He concludes, "Instead of trying to make people comfortable in the toilet 
bowl, give them a hand to try to get them out of the toilet bowl, and help 
them get into recovery and fixed up and on their way to a healthy life."

This Time, Sweden Got It Right

THE experience of easy-going European countries with tolerant drugs laws is 
often advanced by Canadian harm-reduction proponents as evidence to support 
their call for this country to adopt a laissez-faire approach to drugs. 
However, facts made public at the IDEAS conference paint another picture of 
the European experience.

Swiss physician Ernst Aeschbach said the "drug-friendly environment" 
adopted by his country's government has backfired. "There has been a 
general increase of prevalence of all kinds of drugs," he said. "The 
increase in drug-related deaths shows a close relation to the existence of 
open drug scenes in Zurich." As harm-reduction measures facilitated drug 
consumption, drug addicts were deprived of their motivation to quit. "This 
was a violation of basic principles of addiction treatment," Dr. Aeschbach 
charged. Other speakers said the same facts apply to the Netherlands.
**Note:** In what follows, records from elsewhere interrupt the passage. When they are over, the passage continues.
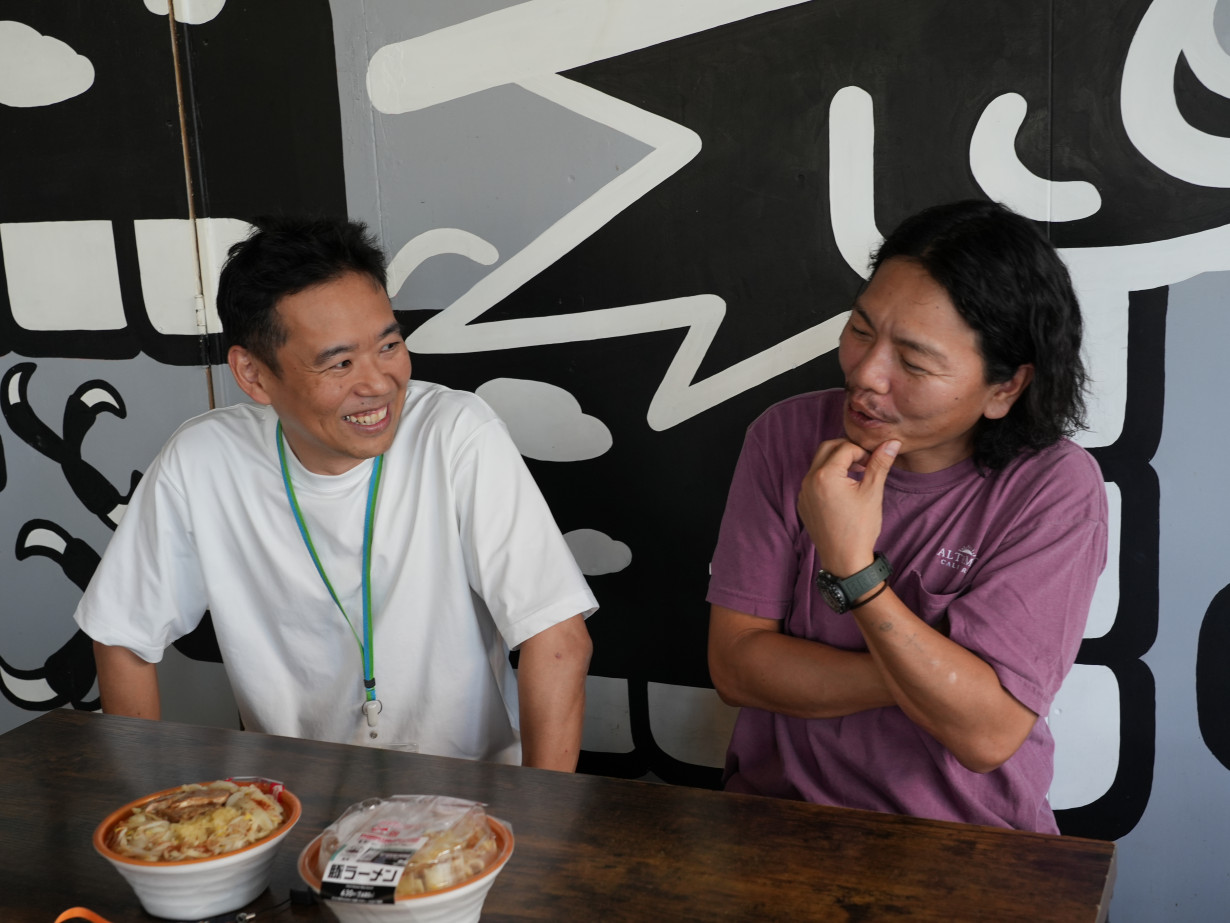 今回のコラボ商品を通して、沖縄ファミリーマート店舗がある石垣島・宮古島など離島の方にも『豚ラーメン』を召し上がっていただける機会があるのはとても嬉しいですね。「食べる」って、純粋に楽しみであったり喜びであったりすると思うので、楽しみながらニコニコわいわい食べてもらえたらと思います。今回のコラボ商品を気に入ったら、ぜひ店舗にもお越しください!トッピングや背脂マシマシなども楽しめます。味には自信がありますので、ぜひ!
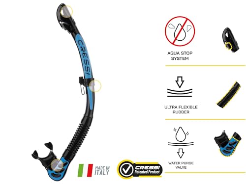 Der Cressi Alpha Ultra Dry Snorkel ist ein hochwertiger anatomisch geformter Erwachsenenschnorchel mit Ausblasventil, Faltenschlauch und Dry Komfort.
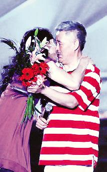 前日一場(chǎng)演出中,趙本山穿條紋T恤亮相,秀起二胡技藝,還拉馮小剛一起上臺(tái)。這時(shí)一個(gè)穿著粉嫩短裙的美眉沖上臺(tái)來為趙本山獻(xiàn)花,還湊上前去接吻,不過趙本山看上去相當(dāng)不愿意……轉(zhuǎn)過身來觀眾們才認(rèn)出“女粉絲”是扮女裝的小沈陽,引來一場(chǎng)哄笑。(東魚)

The government of Sweden, on the other hand, has adopted a successful 
zero-tolerance approach to drugs. Anti-drug laws that carry stiff penalties 
are enforced by the police and judiciary. The country considers no drug to 
be "soft." The result, according to a paper presented at the symposium, is 
that Sweden has "an unusually small proportion of heroin abusers."

It is the sort of approach that David Griffin, executive officer of the 
Canadian Police Association, would like to see implemented in Canada. He 
told the symposium that current Canadian anti-drug practices are 
inadequate. "Perceived tolerance by community leaders is sending 
conflicting and confusing messages to our young people," he charged. 
"Accurate information educating parents and young people about the harms 
associated with drug use is critical to prevention."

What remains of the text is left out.